Professor Simon Tormey: Transcript
What is global citizenship and what’s at stake in the term? The term global citizenship for me reminds me of a quote by a very famous German philosopher called Hannah Arendt, who was asked what she thought about a global state, and she said, “I’ve no problems with a global state, as long as there remains a space in the world where you can escape from the global police.”
And, when I hear the term ‘global citizenship’, I can’t help thinking about Hannah Arendt’s remark in these terms – that citizenship brings obligations, duties, a particular horizon of expectations which you are expected to fulfil, perform.
And, when you talk about global citizenship, that means there are global expectations, obligations, duties, which are going to be backed by something, backed by some force, backed by some penalty, backed by some sort of policing which will enable those things to be enforced.
So, to me, global citizenship at one level is a question of whether we are in favour of a global state, the global enforcement of a particular set of obligations and duties. That’s one level, and I think that a lot of political theorists think about global citizenship in those kinds of terms – about obligation, duty, enforcement of a particular kind of morality or ethics.
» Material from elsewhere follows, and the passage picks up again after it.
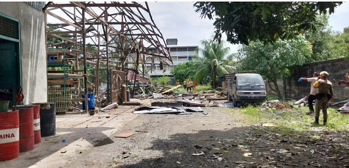 Gudang pengisian ulang tabung gas (oksigen) di Desa Gampa, Kecamatan Johan Pahlawan, Meulaboh yang memunculkan ledakan dahsyat merenggut setidaknya dua nyawa dan melukai beberapa lainnya, Rabu siang, 4 November 2025. (Foto Bithe.co)

And I think what’s quite interesting is that, in a much softer voice, you hear calls for a different kind of global citizenship which doesn’t have what I would call a ‘state-ist’ character: in other words which isn’t about a hierarchical relationship between those who issue commands, those who are the representatives of our best interests, those who represent the universal, if you like, and which tell us (the little people) what it is that we should be doing.
There is another way of thinking about global citizenship, and I think that’s what we call a ‘post-state’ notion. And it’s really what I would also call a kind of fluid, questioning, critical notion of citizenship: which is that, instead of thinking of ourselves as being highly bounded creatures – bounded by nation states, by borders, by identity, by being English or Brazilian or French – the idea of global citizenship in a sense is a way of escaping those very fixed kind of identities. So that one can say, “I’m not just English” or, “I’m not just from Nottingham”, “I’m not just subject to the obligations and duties that that set of identities imposes upon me; I’m also connected, inter-connected, I’m transnational; I’m part of a much larger entity and part of a much larger set of problems about environmental degradation, global poverty, global powerlessness, being subject to forces which are beyond our control”.
And it seems to me one can think of global citizenship, therefore, as a very kind of highly critical way of undermining something which is much more concrete – being a national citizen, a citizen of the EU. By appealing to the globe you can say, “I’m more than just the sum of the identities that I carry in front of me; I’m not just a passport-holder of the UK or France or wherever it happens to be, but I also have a sense of being a part of a cosmos, being part of a much larger set of problems, much larger groups of people. But my sense of being part of that is that I need to know more about it, that I’m curious about it, that I want to enter into a dialogue with those other people.”
So that this ‘post-state’ concept of global citizenship seems to me to require a particular bearing towards other people which is that, “I don’t know best, I don’t know how it is that this global citizenship or this global state is going to operate. And, more than that, I’m hostile to the idea that someone should know how it operates”.
So we have two contrasting ideas, it seems to me. One is of a sense of global citizenship which is of the philosophers, of the UN, probably of lots of clever people in the White House, who want to impose a particular vision. They’ll want to do that through a global state, requiring the rest of us to go along with those things. They want to impose for our good, for our universal benefit, if you like. That’s a very - what I call a - vertical set of relationships.
And then, on the other hand, there is what I would call a ‘post-state’ citizenship, a ‘post-state’ global citizenship, which is a horizontal relationship between people who are aware of the boundedness of themselves and – but – of their desire to explore, to invent, to create with other people, and in particular in connection with the huge problems that confront us. So I would call that a very kind of minor view; it’s minor because you don’t hear it being expressed very often. But some of the more interesting developments in current contemporary politics have that flavour to them.
The World Social Forum is, I think – potentially at least – a kind of forum for a horizontal global citizenship. Whereas the UN would be an example of vertical global citizenship: on the one side nation states, elite representatives; on the other side – people, citizens, ordinary students, young people in particular, who feel that there is more to life than simply representing and being represented; but there’s also an interaction and participation, a feeling of others.
So, for me, this is a very big fault line… ummm… liberals, conservatives, socialists, Marxists on one side; those people who are not quite certain about what it is they want but are happy because that uncertainty offers the possibility of a dialogue with other people on the other. And that, to me, is one of the most important fault lines in global politics.
Be interesting to see how it works out.